The example shows why measure theory begins by restricting attention to a well-behaved family of sets. The family must still be large enough for analysis: if a limiting process gives a countable union of measurable sets, the result should remain measurable; if an event is measurable, its complement should also be measurable. The definition packages precisely those closure requirements.

## Definition

The basic object is not a measure, but the domain on which a measure could live. The empty set and the whole space must be available, complements must be allowed because negation is a basic operation on events, and countable unions must be allowed because limits in analysis produce countably many approximations.

[definition: Sigma-Algebra] Let $X$ be a set. A sigma-algebra on $X$ is a collection $\mathcal F \subset \mathcal P(X)$ such that: 1. $X \in \mathcal F$. 2. If $A \in \mathcal F$, then $X \setminus A \in \mathcal F$. 3. If $(A_n)_{n \in \mathbb N}$ is a sequence of sets in $\mathcal F$, then $\bigcup_{n=1}^{\infty} A_n \in \mathcal F$. [/definition]

This definition is the only structure needed before measures enter. It gives us a universe of admissible sets and guarantees that the usual limiting operations on events stay inside that universe.

## Basic Measurable Structures

A collection of subsets cannot be interpreted without knowing the universe in which complements are taken. This creates the need to name the underlying set and the sigma-algebra as a single object, so that measurability always has a specified ambient space.

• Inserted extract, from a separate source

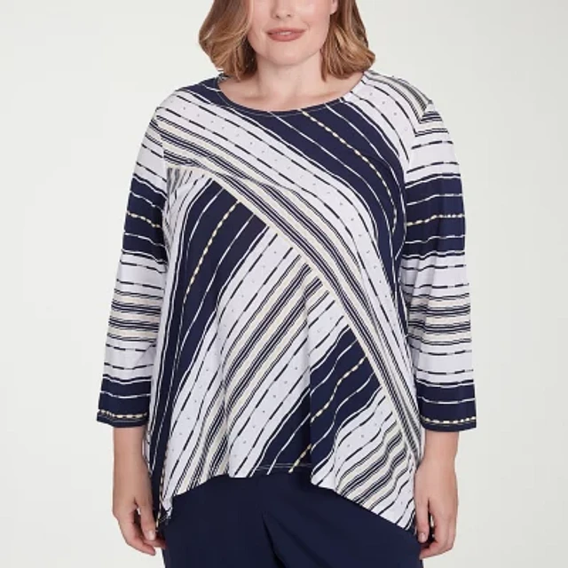 Alfred Dunner Nantucket Womens Crew Neck 3/4 Sleeve Plus T-Shirt

[definition: Measurable Space] A measurable space is a pair $(X, \mathcal F)$ where $X$ is a set and $\mathcal F$ is a sigma-algebra on $X$. [/definition]

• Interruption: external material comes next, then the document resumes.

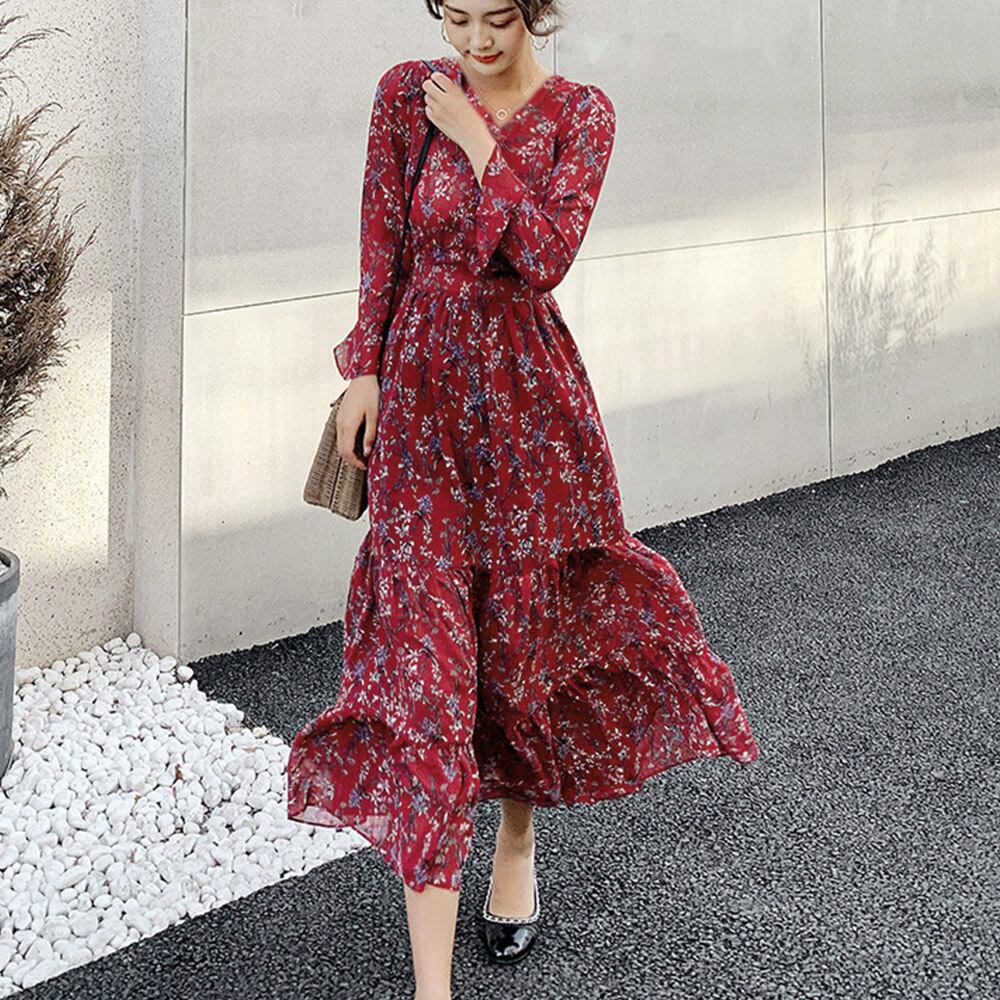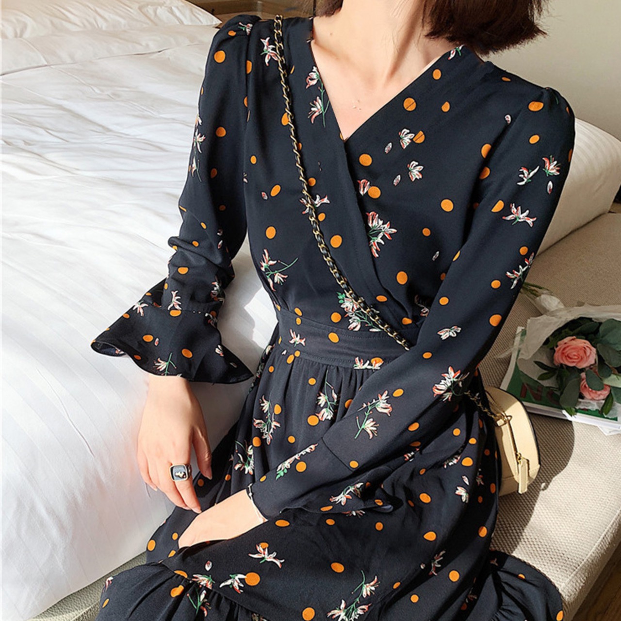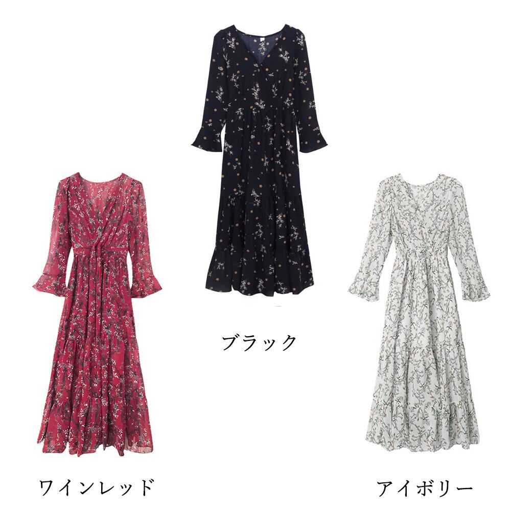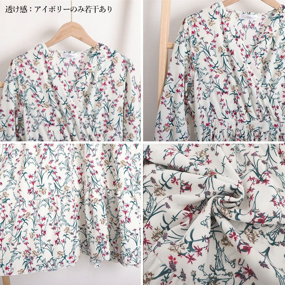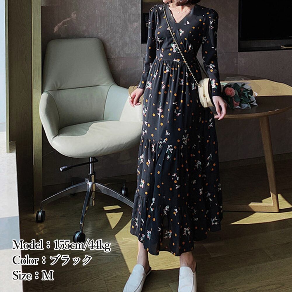レディース 春秋夏 花柄カシュクールワンピ 韓国風Vネック オルチャン フレアワンピース Aライン ハイウエストきれいめ

The members of $\mathcal F$ are called measurable sets. At this stage no sizes have been assigned; we have only specified which questions about membership are allowed. The next step is to put numerical size on those allowed questions. This cannot be done by a function on arbitrary subsets unless the domain is already closed under the countable unions appearing in additivity, so the natural object is a size function whose domain is the sigma-algebra of a measurable space.

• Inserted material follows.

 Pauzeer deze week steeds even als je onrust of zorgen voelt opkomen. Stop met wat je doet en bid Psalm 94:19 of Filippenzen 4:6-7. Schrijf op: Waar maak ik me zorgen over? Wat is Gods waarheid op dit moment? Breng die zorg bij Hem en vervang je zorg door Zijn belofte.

[definition: Measure on a Measurable Space] Let $(X,\mathcal F)$ be a measurable space. A measure on $(X,\mathcal F)$ is a function \begin{align*} \mu:\mathcal F &\to [0,\infty] \end{align*} such that $\mu(\varnothing)=0$ and, whenever $(A_n)_{n\in\mathbb N}$ is a pairwise disjoint sequence in $\mathcal F$, \begin{align*} \mu\left(\bigcup_{n=1}^{\infty}A_n\right)=\sum_{n=1}^{\infty}\mu(A_n). \end{align*} [/definition]

This definition is not meant to replace the separate page on measures. Its role here is to show why the sigma-algebra axioms are exactly the closure assumptions needed before countable additivity can even be stated. Once the domain has been separated from the size function, it becomes meaningful to compare different domains of measurable information.

The smallest possible domain arises when the intended model has no observable distinction between individual points: the only reliable question is whether the outcome lies somewhere in $X$ or nowhere at all. Naming this degenerate case gives a lower bound against which richer measurable structures can be measured.

[definition: Indiscrete Sigma-Algebra] Let $X$ be a set. The indiscrete sigma-algebra on $X$ is \begin{align*} \{\varnothing, X\}. \end{align*} [/definition]

The indiscrete sigma-algebra forgets every proper subset of $X$. A function out of such a space has very few measurable level sets, so this sigma-algebra is too small for most analytic purposes. At the other end, finite and countable sample spaces often come with complete observational access: after a die roll, for instance, asking whether the outcome belongs to any specified subset is a legitimate event. The next definition records the measurable structure forced by allowing every membership question.

[definition: Discrete Sigma-Algebra] Let $X$ be a set. The discrete sigma-algebra on $X$ is the power set $\mathcal P(X)$. [/definition]

On a [countable set](/page/Countable%20Set), the discrete sigma-algebra is often the natural choice: every subset can be counted, summed over, or assigned probability mass. On uncountable spaces, the same choice can conflict with geometric requirements such as translation invariance.

[example: Coin Flips and the Power Set] Let $X=\{H,T\}$ be the sample space for one coin flip. Its power set is obtained by listing all subsets of the two-point set: \begin{align*} \mathcal P(X)=\{\varnothing,\{H\},\{T\},\{H,T\}\} =\{\varnothing,\{H\},\{T\},X\}. \end{align*} Thus the discrete sigma-algebra on $X$ records every membership question about the outcome: $\{H\}$ records that heads occurred, $\{T\}$ records that tails occurred, $X$ records that some outcome occurred, and $\varnothing$ records the impossible event. Now consider two flips with sample space \begin{align*} X^2=\{(H,H),(H,T),(T,H),(T,T)\}. \end{align*} If the observer records only the first flip, then the two distinguishable nontrivial events are \begin{align*} \{H\}\times X&=\{(H,H),(H,T)\},\\ \{T\}\times X&=\{(T,H),(T,T)\}. \end{align*} These two sets are complements in $X^2$, since \begin{align*} X^2\setminus(\{H\}\times X)=\{T\}\times X, \qquad X^2\setminus(\{T\}\times X)=\{H\}\times X. \end{align*} Their union is the whole space and their intersection is empty: \begin{align*} (\{H\}\times X)\cup(\{T\}\times X)&=X^2,\\ (\{H\}\times X)\cap(\{T\}\times X)&=\varnothing. \end{align*} So the sigma-algebra generated by first-flip information is \begin{align*} \{\varnothing,\{H\}\times X,\{T\}\times X,X^2\}. \end{align*} It contains the event that the first flip was heads and the event that the first flip was tails, but it does not contain $\{(H,T)\}$ because the only nonempty proper sets in the displayed sigma-algebra are $\{(H,H),(H,T)\}$ and $\{(T,H),(T,T)\}$. Thus the underlying outcome space still has four points, while this sigma-algebra retains only the information needed to distinguish the first coordinate. [/example]